Capítulo 33

941 177 26
                                    


A cidade não tem portões ou muros enormes. Quando vamos entrando, a placa da capital brilha alguns metros acima, as pessoas passam por nós usando muitos colares e pulseiras, artefatos e pequenas estátuas de seus deuses. Elas observam à mim e às Guardiãs com curiosidade.

As ruas são limpas, os prédios são altos, brancos e dourados. As luminárias são leves e finas, como lanternas de papel, flutuando sobre o chão. A arquitetura é rústica e moderna ao mesmo tempo. Cada casa, cada prédio, tudo tem uma decoração minuciosamente detalhada.

No centro e ao final de uma grande praça dourada, eu posso ver o templo. Atswa deve estar ali. O templo é lindo. Um lugar grande, com duas formas abobadadas douradas aos lados, lembra os grandes palácios árabes da antiguidade, dos tempos de antes das Grandes Tempestades.

Quando estamos às portas do templo, dois soldados nos param.

- Essa área do templo é restrita às sacerdotisas. - a soldado informa. O uniforme dela é vermelho e a sua arma continua na cintura, sem nos ameaçar. - Vocês podem prestar seus tributos aos deuses no templo de Aelin Ama. Onde os nossos cidadãos o fazem.

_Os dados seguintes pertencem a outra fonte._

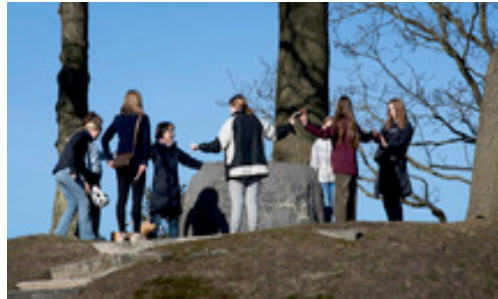
Konfirmanden in Broacker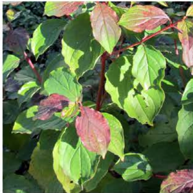
Cornus sanguinea rode kornoelje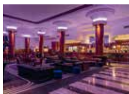
16. City Tattersall's Club Sydney, Australien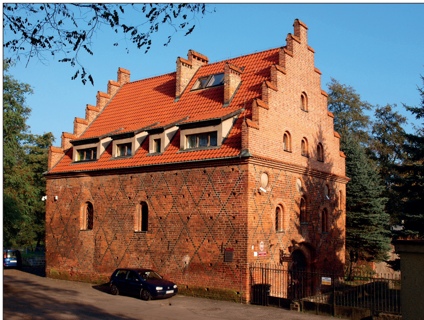
Ryc. 5. Arsenal/zbrojownia z około 1500 r. przy ul. Basztowej w Stargardzie (obecnie siedziba Archiwum Państwowego w Szczecinie Oddział w Stargardzie), wg stanu z 30 października 2014 r.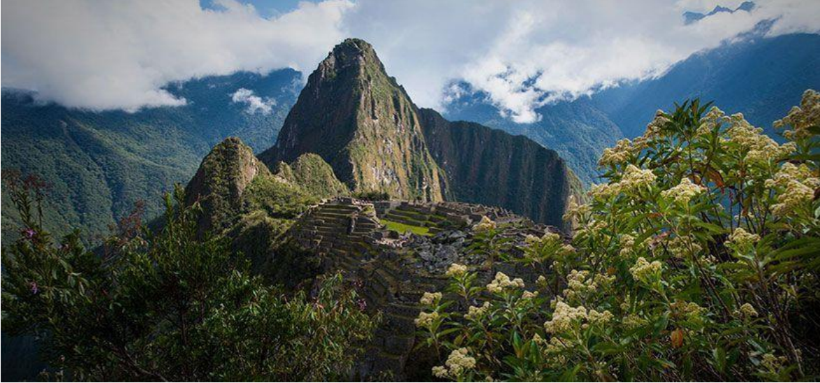
Kuva 12: Machu Picchun inkarauniot

tuhansia vierailijoita ympäri maailmaa. Machu Picchu symboloi Perun historiallista perintöä, mutta maan tarjoamat kokemukset eivät rajoitu tähän ikoniseen kohteeseen. (Romano 26.5.2019.)

- Obrigada, mas não estou aqui para ver os deuses, e sim ver Atswa. - explico.

- Não é permitida a entrada de estrangeiros no templo. - o outro soldado informa muito mais agressivo.

- Tenho assuntos importantes a tratar. Venho de Évbad. Ela sabe quem eu sou. - retruco.

- Ray... - Celestium põe a mão no meu ombro.

- A Suma-Sacerdotisa não tem nenhuma ligação com Évbad ou Mondian. - o soldado diz sem emoção. - Seus assuntos não são de nossa responsabilidade.

- Eu preciso falar com ela. - digo com urgência. - Digam que Rayrah Scarlett está às portas do templo. Digam que eu estou aqui e vejam o que ela vai fazer.

- Se a senhorita não se retirar agora, seremos obrigados a te expulsar. - a soldado diz com a mão sobre a espada na cintura. Me preparo para sacar Red Fox.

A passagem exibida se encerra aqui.